During months 6 to 24, peripheral edema, dyslipidemia, hypertriglyceridemia, and hypercholesterolemia were more common in the EVR group, whereas cholestasis, increased weight, and diabetes mellitus were more common in the TAC group (Table 3). Cytomegalovirus infection was reported in 1.5% and 6.4% of patients in the EVR and TAC groups, respectively, between months 6 and 24. Proteinuria was reported as an adverse event in 1 (1.5%) patient in the EVR group and 3 (3.8%) patients in the TAC group.

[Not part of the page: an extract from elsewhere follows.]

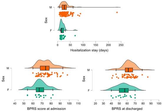 Distribution of hospitalization stay, and BPRS scores at admission and discharge by sex. Dots are individual data, lines link the admission with the discharge, the box is constructed with the values of the 25th and 75th percentile, and the line in the box by the value of the median. The whiskers are given as the minimum and maximum. M stands for male and F stands for female.

The overall incidence of diabetes (defined as treatment with antidiabetic medication; EVR group, 47.7%, n = 31/65; TAC group, 41.0%, n = 32/78) and the incidence of de novo diabetes among patients who were nondiabetic at randomization (EVR group, 4.4%, n = 2/45; TAC group, 0.0%, n = 0/55) showed no marked differences in the EVR and TAC groups at month 24.

At baseline, arterial hypertension was found in 28 (48.3%) patients in the TAC group and 13 (28.3%) in the EVR group. At baseline, 43.6% patients in the TAC group were taking antihypertensive drugs, and 8.82% of hypertensive patients in this group were on angiotensin inhibitors. In the EVR group, 47.7% were taking antihypertensive drugs, and 9.47% of hypertensive patients in this group were on angiotensin inhibitors. There were no MACEs in the EVR group. Three patients experienced a MACE in the TAC group (hospitalization for heart failure, hospitalization for acute coronary syndrome, and death from cardiovascular causes; P = 0.25).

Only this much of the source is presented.